As to Request 17, Judge FRIENDLY concedes that it would not be error to instruct the jury that the award is not taxable. Internal Revenue Code of 1954, § 104(a) (2); New York Tax Law § 359(2) (e). Even so Judge FRIENDLY says that it was not error to refuse the request inasmuch as there is nothing to show that this jury improperly gave weight to this factor.
Of course we seldom, if ever, know what factors jurors have considered in arriving at a verdict. It is hornbook law that courts will not inquire into what factors jurors have or have not considered, even mistakenly; nor will verdicts be set aside even if it be established that the jurors rendered a verdict for mistaken reasons. The best we can do is to face the realities and require the trial judge to charge upon those matters regarding which misinformation by any one juror might lead the jury to give improper weight to a factor which should not be considered at all. Whatever is to be done must be done before the jury *41returns its verdict as it cannot be done later.

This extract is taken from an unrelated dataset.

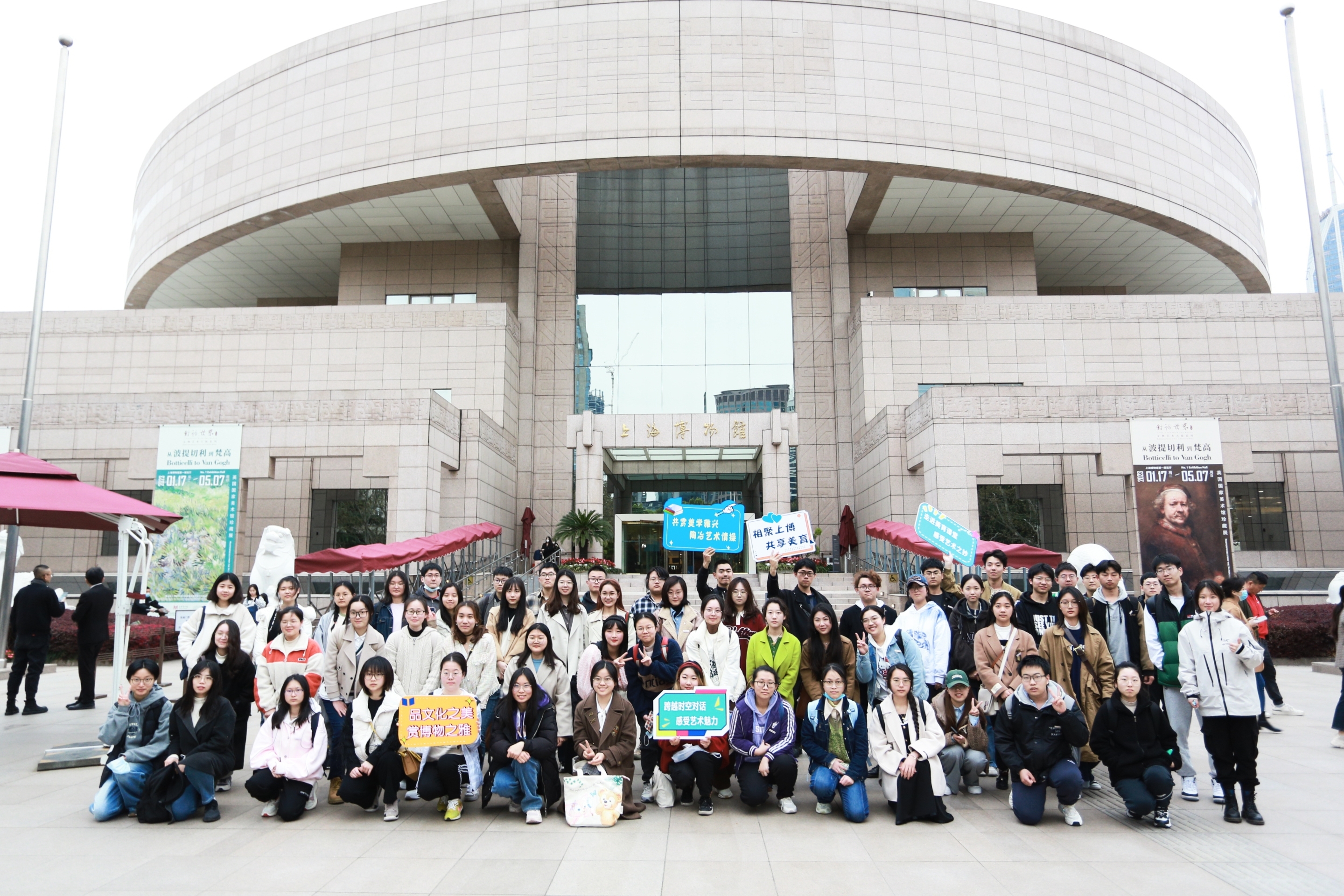 以美育人,向美而行,3月29日晚上18:00,ok138cn太阳集团529组织社团学子前往上海博物馆,集体参观了“从波提切利到梵高——英国国家美术馆珍藏展”,体验了一堂“沉浸式美育课程”。本次活动由ok138cn太阳集团529呐喊文学社发起,联合纵横史学社、海棠诗社等社团,共有60余名成员踊跃参与。ok138cn太阳集团529团委副书记、社团指导老师梁佳瑄带队前往。

In my opinion it is likely that many jurors, without such an instruction as 17, would believe that damage awards are taxable and would weigh this factor against the defendant. In the past few years the public press has carried many reports of large sums won on television quiz programs or in lotteries and sweepstakes. These accounts almost always point out that a very large percentage of the winnings must be paid to the government as income tax. It would be natural enough for the layman to conclude that the plaintiff’s receipts from the judgment would be taxed. The only way that the trial court can protect a defendant against a verdict, unduly inflated to take care of taxes in whole or in part, is to charge as requested in 17.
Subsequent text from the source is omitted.